栗隈王の経歴は余り確認できませんが、672年の「壬申の乱」の時点では「筑紫大宰(つくしのおおみこともち)」という、後の「太宰師(ださいのそつ)」に当たる役職におりました。日本と唐と新羅の三角関係で緊張して
いるこの時期、この役職は重職です。ここから考えるに栗隈王はなかなかの軍事才能を持っていたと考えられるでしょう。
さて、「壬申の乱」の際、大友皇子の使者が筑紫にやってきました。大海人皇子と戦うため、自分に加勢するよう督促に来たのです。
ところが!栗隈王は
「今は日本、唐、新羅が緊張している難しい時期だからここから動けない」
と消極的な姿勢を示し、息子の美務王がこの使者を追い返してしまったというのです。
その後、栗隈王は676年に亡くなりますが、「壬申の乱」の際大友皇子に味方しなかったことから、後に「従二位」という高い位を追号されています。
息子の美務王も同様です。美務王はほとんどを父の役職の影響か、筑紫の役人として一生を過ごしました。

既に「橘三千代」の項で述べましたが、このような美務王の立場に注目して結婚したのが、少壮の宮廷女官・県犬養三千代であります。
2人の間の最初の子・葛城王(後の橘諸兄)は天武天皇13年(684年)生まれですから、2人の結婚は天武12年(683年)以前にさかのぼります。

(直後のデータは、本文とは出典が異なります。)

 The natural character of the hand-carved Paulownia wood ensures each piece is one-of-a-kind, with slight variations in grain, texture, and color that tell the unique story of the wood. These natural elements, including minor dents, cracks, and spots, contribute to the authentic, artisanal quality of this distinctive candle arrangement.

美務王は、壬申の乱の時に既に父親の護衛として活躍しているくらいでしたから、この時30歳半ばは越えていたと考えられます。この時代ではかなり遅い結婚です。

美務王は筑紫の役人・県犬養三千代は宮廷女官と言うことから、美務王は単身赴任が多かったようです。

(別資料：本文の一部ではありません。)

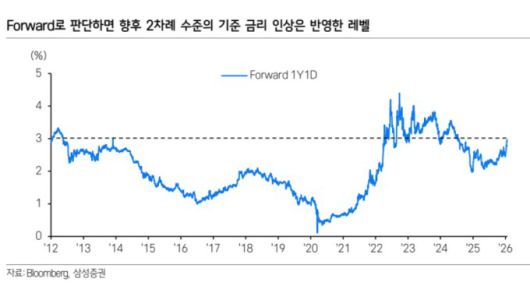 김 애널리스트는 Forward 금리로 봐 향후 2차례 수준의 기준 금리 인상은 이미 반영한 레벨로 분석했다. 그는 "현 수준의 금리면 여러 악재를 감안해도 추가로 상승할 수 있는 폭은 제한적일 가능성이 크다"고 보았다.

そして、その間に三千代に近づいた男がおりました。藤原不比等であります。
この時期がいつかはっきりしませんが、持統末年頃から文武初年頃と考えられております。
…あれ?この時期と言えば、今回のヒロイン・牟漏女王が産まれたと考えられる時期ではありませんか!
黛敏道氏などは、はっきりこう書いております。
「牟漏女王などは、父親が藤原不比等である可能性すらある」
要するに、「父の分からない子」という悪評ですね。
実際にはどのような風評が経ったか?という史料は全く残っておりません。
しかし、黛氏のようなことが、牟漏女王が産まれた頃に言われなかったとも否定できないのであります。

ともかく
牟漏女王が物心付く頃には、既に実の父と母は離婚してまして、父の恋敵が義理の父としていたわけですね。しかも、自分のホントの父が誰かという疑惑もある???
家族事情が今とはずいぶん違う1300年前の昔とは言え、このような複雑な環境が牟漏女王を苦しめたことは言うまでもないでしょう。